### HOW TO COMPLETE THIS TASK
Please set down exactly the lines from the one containing "除此之外,NTUC现在也发出" through the last line of the records below, both included, with no pictures.

### DATA SECTION
★ ★ ★
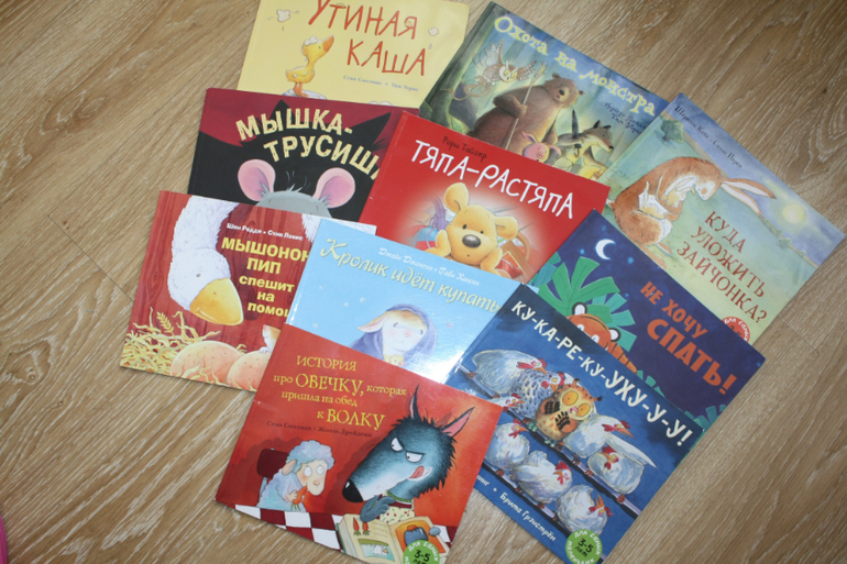 Книжки-картинки дали почитать друзья. Особо понравилась и несколько раз перечитывалась книжечка про овечку и волка.
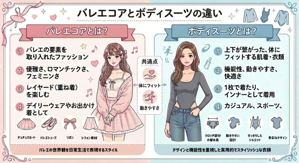 A.違います。バレエコアはファッションのスタイル名であり、ボディスーツは服の名称です。
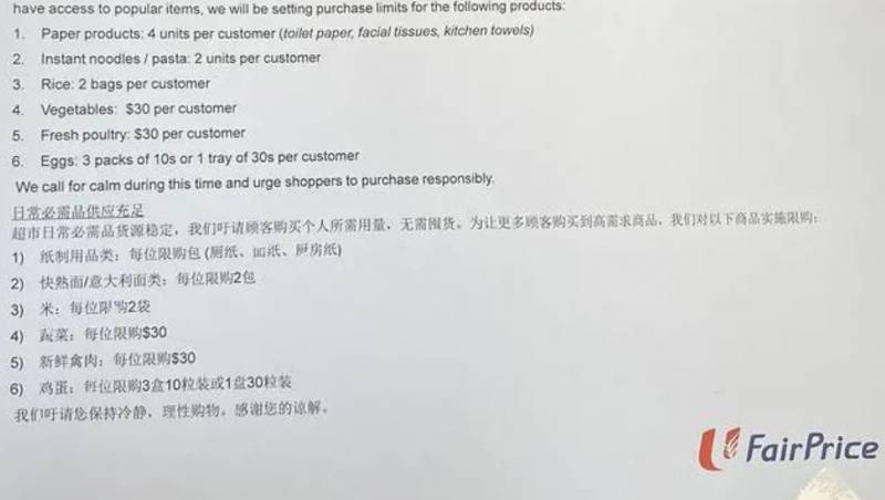 除此之外,NTUC现在也发出在FairPrice超市对蔬菜,大米,纸和其他产品施加的购买限制。
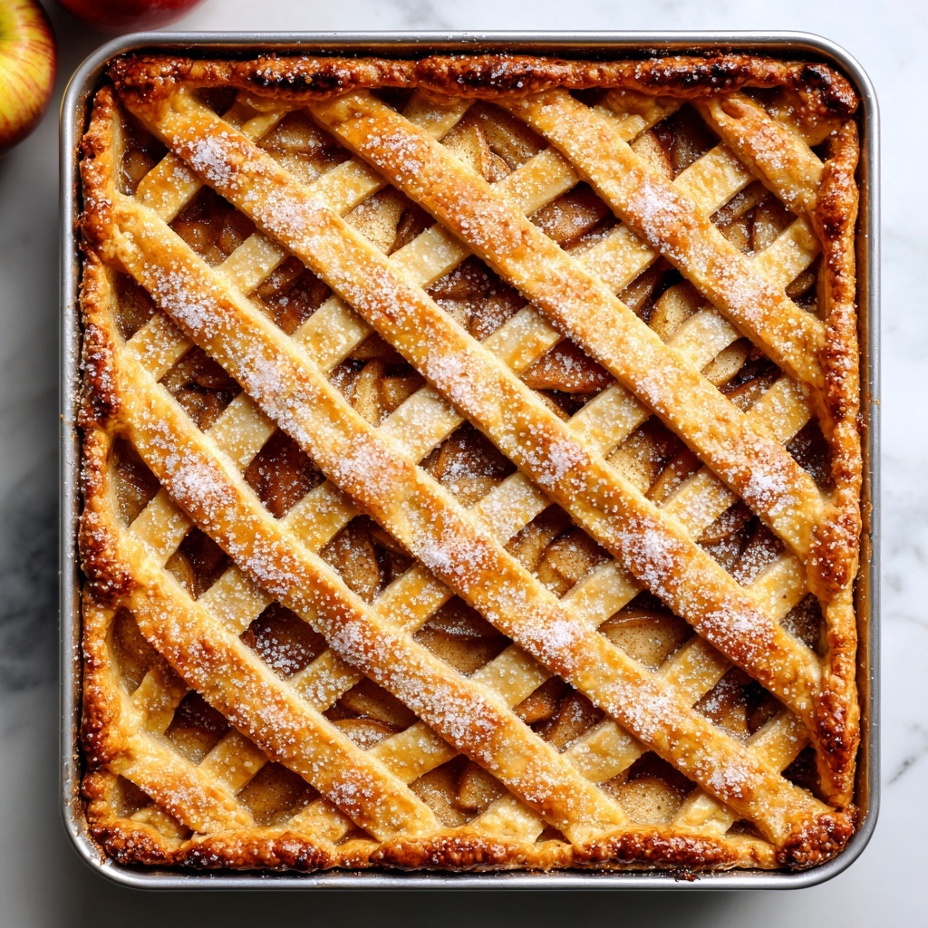 Enhance the cozy vibe of this Apple Slab Pie Recipe by adding a scoop of vanilla ice cream or a generous dollop of whipped cream. A dusting of cinnamon or powdered sugar can add an extra touch of sweetness and elegance. For a little contrast, fresh mint leaves or a drizzle of caramel sauce will make each slice pop visually and flavor-wise.
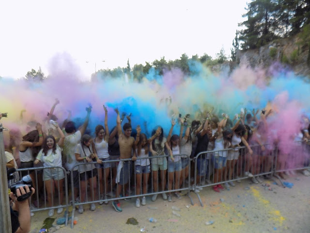 σακουλάκια με την πούδρα χρώματος και στη συνέχεια διασκέδασαν συμμετέχοντας
★ ★ ★
### EXPECTED ANSWER
 除此之外,NTUC现在也发出在FairPrice超市对蔬菜,大米,纸和其他产品施加的购买限制。
 Enhance the cozy vibe of this Apple Slab Pie Recipe by adding a scoop of vanilla ice cream or a generous dollop of whipped cream. A dusting of cinnamon or powdered sugar can add an extra touch of sweetness and elegance. For a little contrast, fresh mint leaves or a drizzle of caramel sauce will make each slice pop visually and flavor-wise.
 σακουλάκια με την πούδρα χρώματος και στη συνέχεια διασκέδασαν συμμετέχοντας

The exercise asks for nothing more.